Semantic Image and Text Alignment: Storyboard Synthesis

17 Feb 2024

Introduction

In this transformative era of advertising and recognizing the potential for technology to streamline and enhance the ad creation process, Adludio is embarking on an ambitious initiative to automate the end-to-end process of advertising production.

Adludio is a well renowned company in the business of advertisement creation for different customers across the globe. One aspect involves automation of this process so that the generation of potential creative concepts based on the client’s brief. This transformation process aims to visually depict the narrative flow and user interaction within advertisements, making the conceptualization of digital campaigns both more intuitive and impactful.

Our task for this week, as part of this transformative process, is to architect and develop a cutting-edge machine learning solution that automates the conversion of textual advertisement concepts, assets descriptions into visually compelling storyboards.

Overview

Bring the concept to life, we will be using the perks of machine learning and diffusion models broadly.
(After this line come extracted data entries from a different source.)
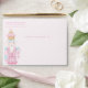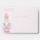 This envelope has a pastel color palette and features a nutcracker with a cupcake hat on the front with text that says "kindly deliver to." You can add your name and return address. The inside has a coordinating pattern.
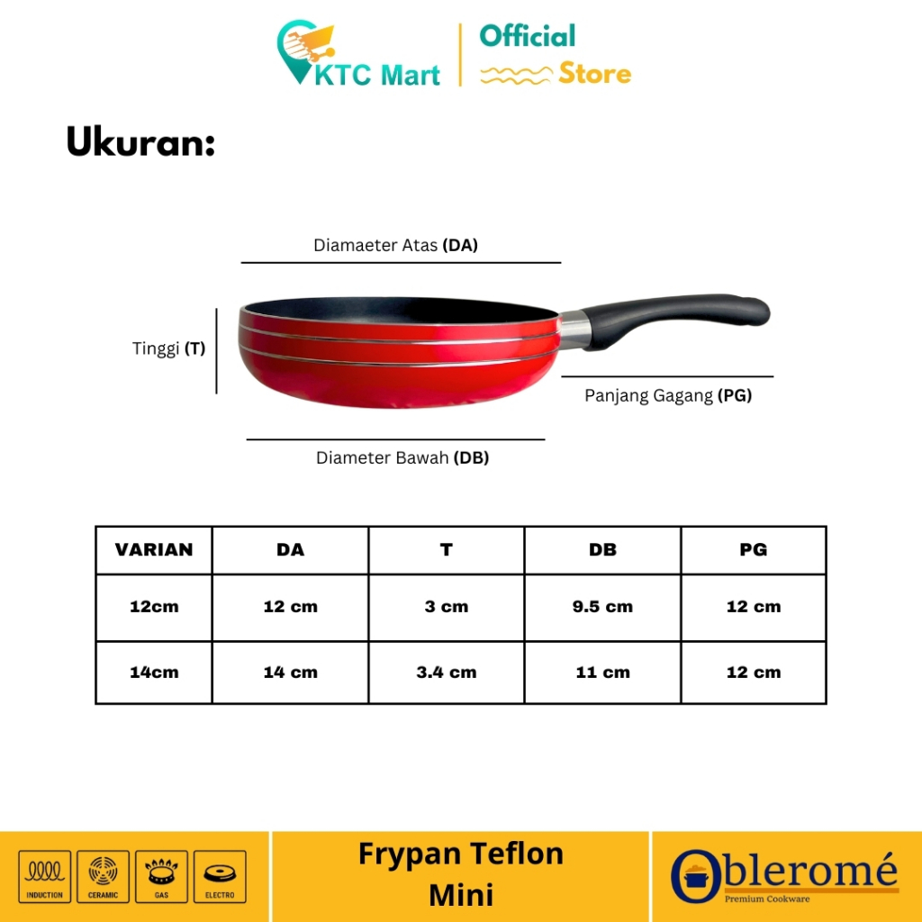 KTCmart - OBLEROME Frypan MINI TERLARIS / Teflon Goreng / Teflon Masak/ Anti Lengket
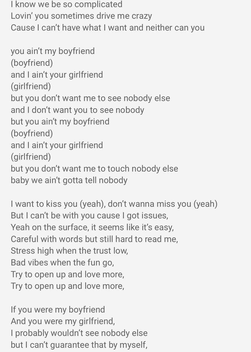 Ariana grande boyfriend letras y cancion para escuchar you aint my boyfriend boyfriend and i aint your girlfriend girlfriend but you dont want me to see nobody else and i dont want you to see nobody. Replaying to a fans question about the inspiration behind this song ariana grande posted the answer on twitter well i feel like this song captures a common theme in the lives of so many people i know.
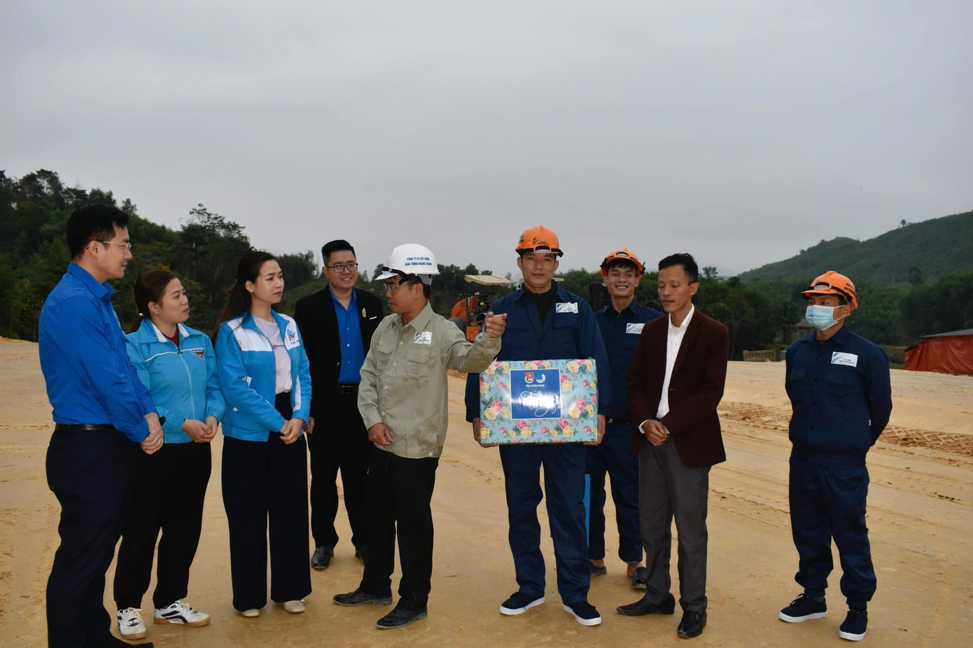 | Đoàn công tác thăm hỏi, tặng quà động viên các đơn vị thi công. Ảnh: TĐTQ |
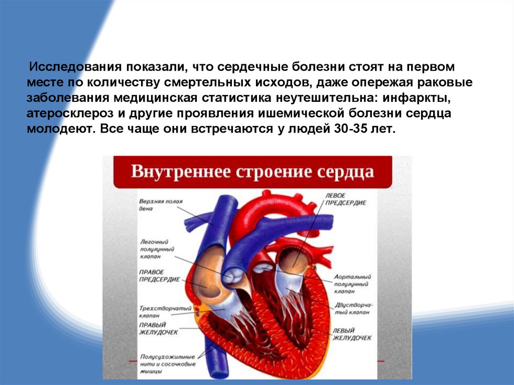 Исследования показали, что сердечные болезни стоят на первомместе по количеству смертельных исходов, даже опережая раковые
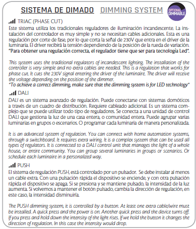 | Encendido | Regulación Casambi, Regulacion Dali/push |
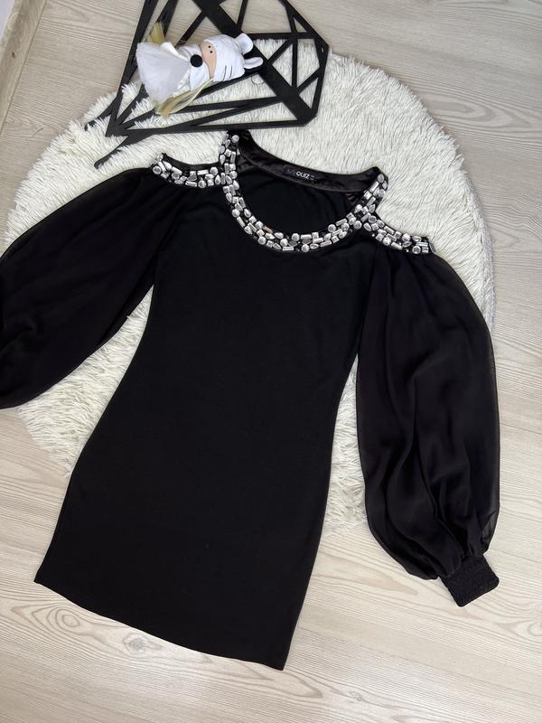 Изысканное мини платье с обнаженными плечами Прозрачные, объемные рукава Расшитые камнями Плотная, натуральная ткань Ста идеален Длина-78 П.о.г-39 Рукав-59 П.о.т-33 П.о.б-38
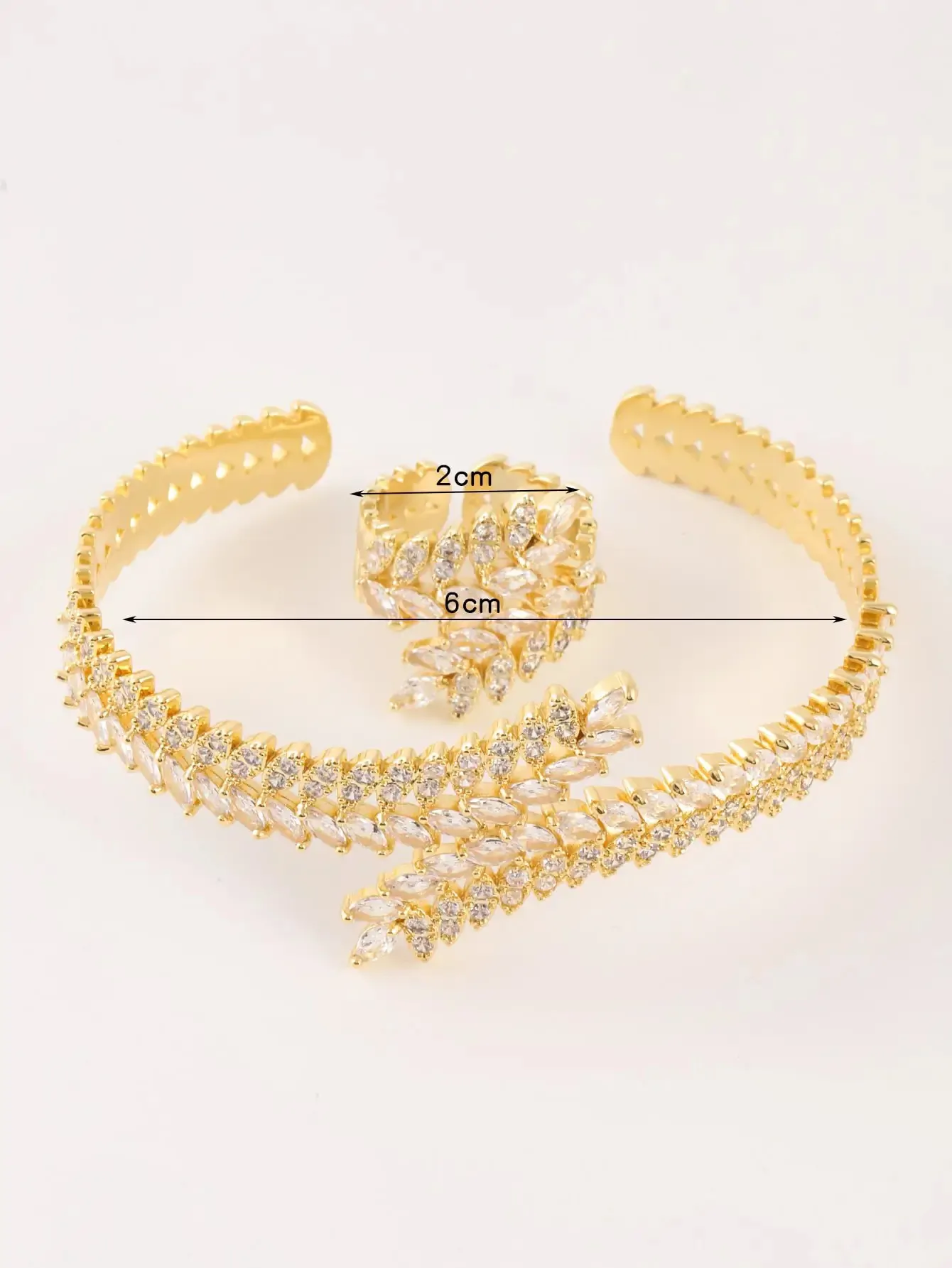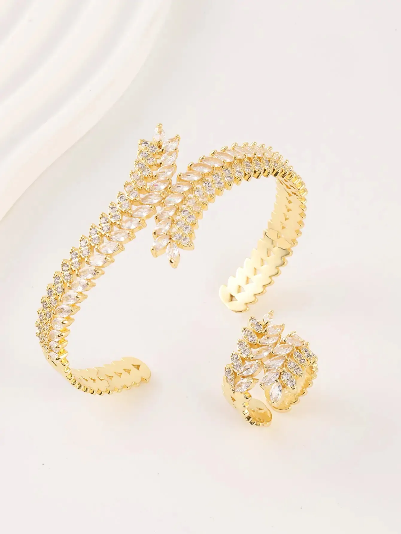 مجموعة مجوهرات القمح – خاتم وسوار وأذن قابلة للتعديل
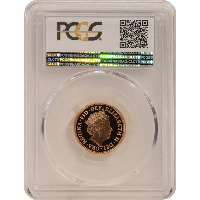 На реверсе классическое изображение Святого Георгия и дракона от Бенедетто Пиструччи. Внизу справа инициалы дизайнера Бенедетто Пиструччи: B.P. (Benedetto Pistrucci), по центру: 2017 (год чеканки).
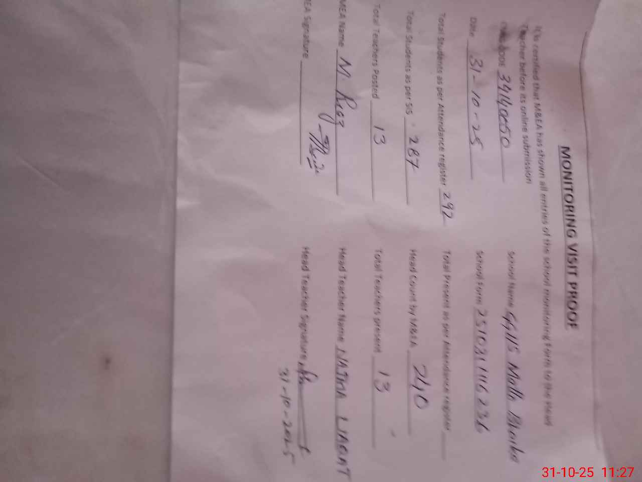| Attendance Register | Head Teacher | MEA with School | Visit Proof |
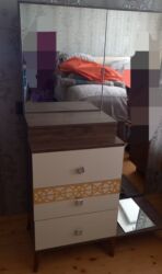 - Eynı dizaynda kiçik komod/tumba: üstündə güzgülü dekorativ qutu, aşağıda açıq rəf.

As a general scheme for the workflow, we have divided the project into three tasks for ease of approach. 1) Image Generation and EDA analysis on the given Assets

This task involves the generation of images using a model by adding the
concepts or ideas given as data. These concepts need some adjustment before they are handed out to the LLMs for image generation.
As for the EDA, that is a crucial step to help us identify the positions and
dimensions of images we find on a certain image on a Storyboard(either the landing page or the Ending page). We can use the image search on image to check and examine the segmented images.

2) Image Composition

This will have a composition of the several generated images and integrate one or two images on a single frame.

3) Storyboard Creation

This is the final output as this will depict the final product. A story board is nothing bu s a sequence of narration that will be visualized on a board.

All tasks have different under lists and we will approach all as we dive deeper into the project.

Implementation

Image Generation

For Image generation, we used the Stable Diffusion Model to create a good and quality image from a given prompt.

EDA

The EDA was only performed to analyze the position and dimension of segments on a given image. Particularly, either on the Landing Page and End Frame. The two pages are found on the beginning and the end of the creatives (Ads). This means that they contain all the other images integrated such as Text image, Buttons,…etc.

Prompt Engineering

The better the prompt, the better the quality and realism of the image that will be generated by the Image Generating Model. And so, we were able to give emphasis on this particular activity as this is the heart of the all the creatives to be generated from our description set.

A concise and descriptive prompt can help us achieve this and we were able to make use of the perks of Open-AI for this in helping us automate and generate a better prompt.

Result

The Generated images have improved a lot in-terms of quality and also realism. Because after the altercation of prompts we were able to get more realistic images and they are some how considered an achievement.

Conclusion

The task was very enticing as we got the chance to explore more on Machine Learning as well as Computer vision and Deep learning. These are very interesting concepts. They have so much potential and seem very relevant in the near future for further advancements in the AI field.

We also got the chance to work on prompt engineering and that also is a very lucrative sector as that is now in demand for the betterment of LLMs and their generating application

Due to time constrains, the achievements were very much limited. But given more time and resource a better storyboard that can be generated from a trained model can be implemented for creating captivating creatives.